What needs to be done:
From the first line to the last, copy the listing exactly and omit the images.

Given information:
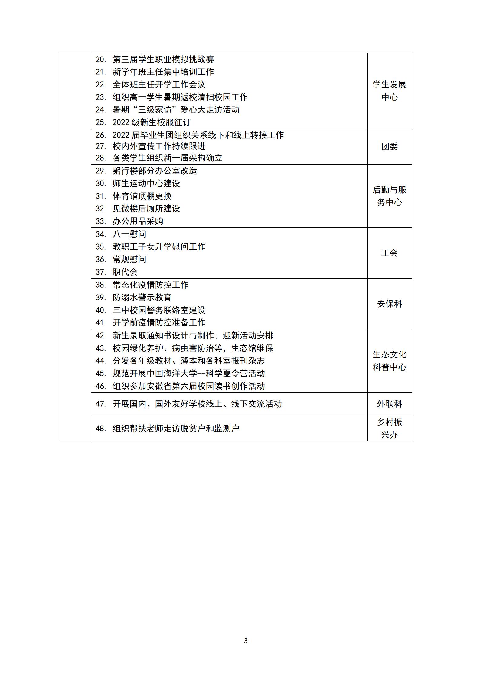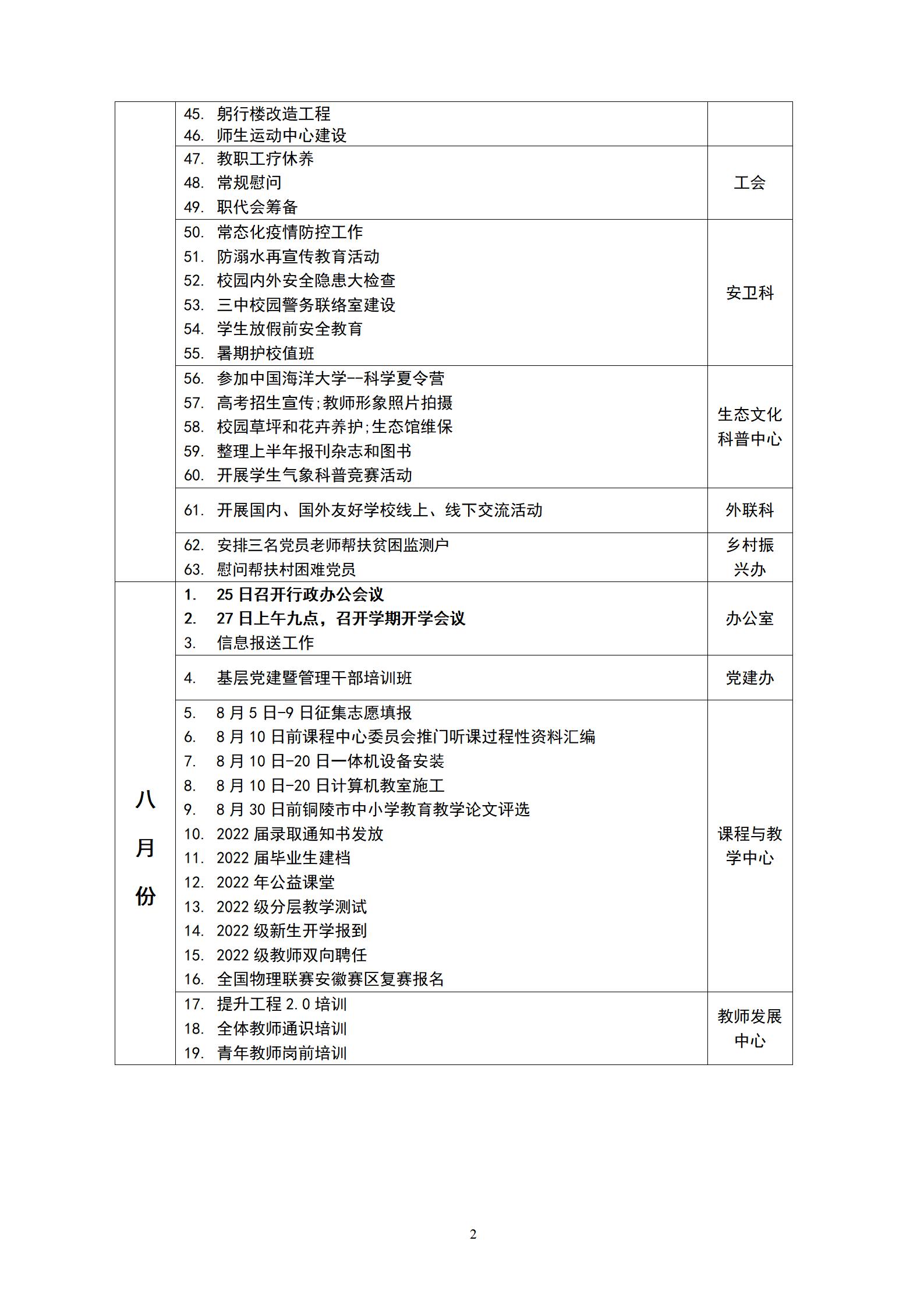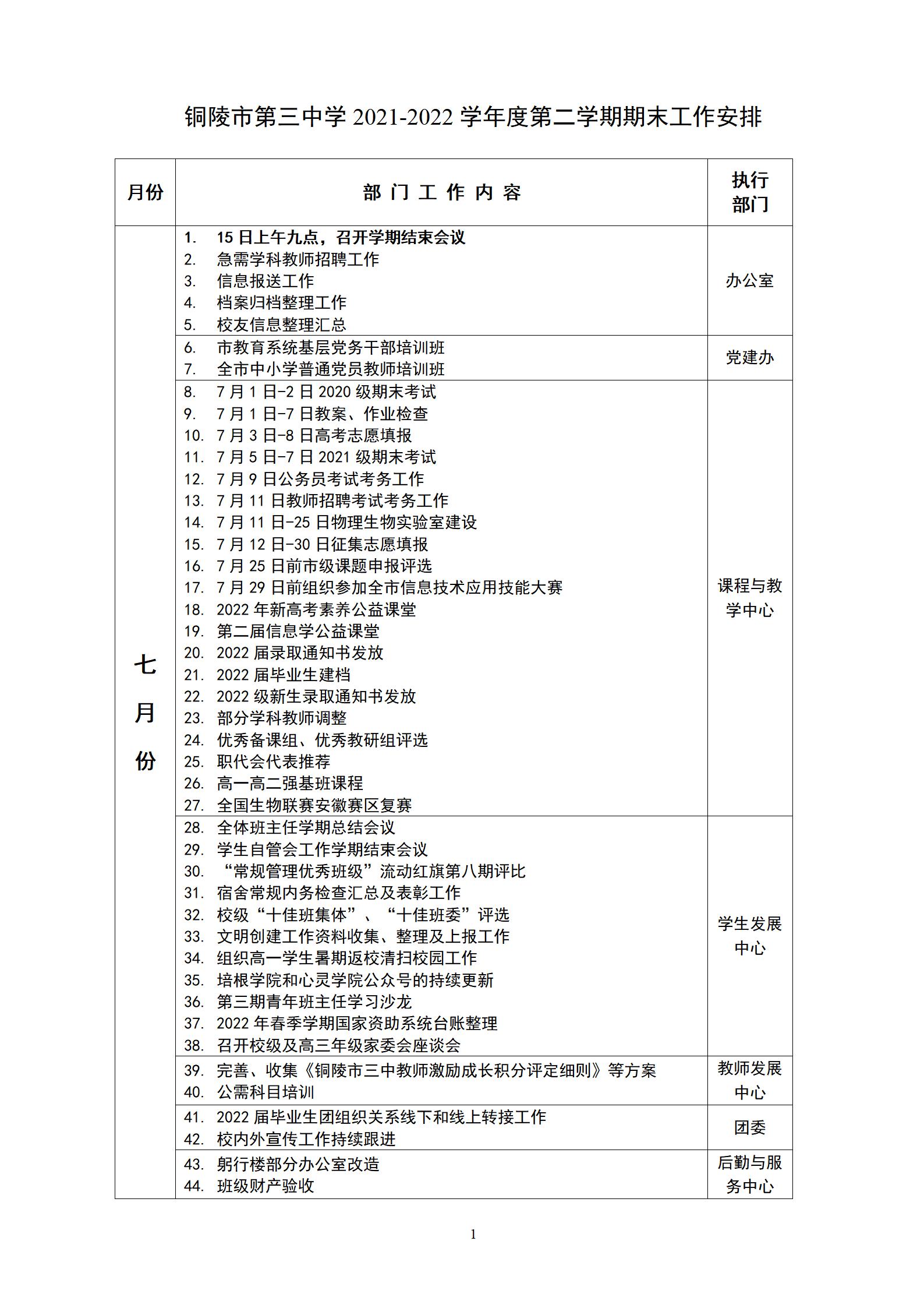 铜陵市第三中学2021-2022学年度第二学期期末工作安排
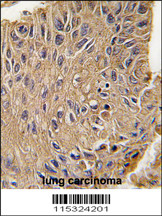 Formalin-fixed and paraffin-embedded human lung carcinoma tissue reacted with ANTXR1 Antibody (Y382) (Cat. APR10982G), which was peroxidase-conjugated to the secondary antibody, followed by DAB staining. This data demonstrates the use of this antibody for immunohistochemistry; clinical relevance has not been evaluated. |
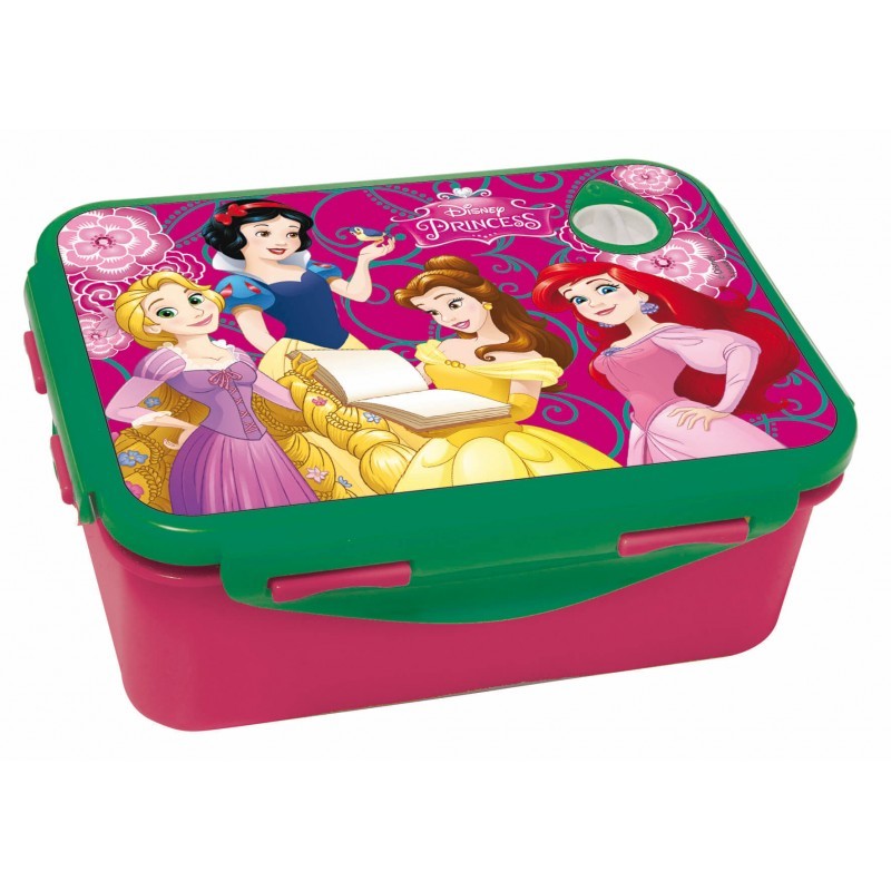 Op de stevige deksel schitteren de bekende Disney-prinsessen in hun prachtige jurken. Hun glimlach, schitterende kleuren en sprookjesachtige details zorgen meteen voor herkenning bij kleine prinsessenfans. Kinderen tonen hun betoverende broodtrommel vol trots aan vriendinnetjes en klasgenootjes.

Answer section:
 铜陵市第三中学2021-2022学年度第二学期期末工作安排
 Formalin-fixed and paraffin-embedded human lung carcinoma tissue reacted with ANTXR1 Antibody (Y382) (Cat. APR10982G), which was peroxidase-conjugated to the secondary antibody, followed by DAB staining. This data demonstrates the use of this antibody for immunohistochemistry; clinical relevance has not been evaluated. |
 Op de stevige deksel schitteren de bekende Disney-prinsessen in hun prachtige jurken. Hun glimlach, schitterende kleuren en sprookjesachtige details zorgen meteen voor herkenning bij kleine prinsessenfans. Kinderen tonen hun betoverende broodtrommel vol trots aan vriendinnetjes en klasgenootjes.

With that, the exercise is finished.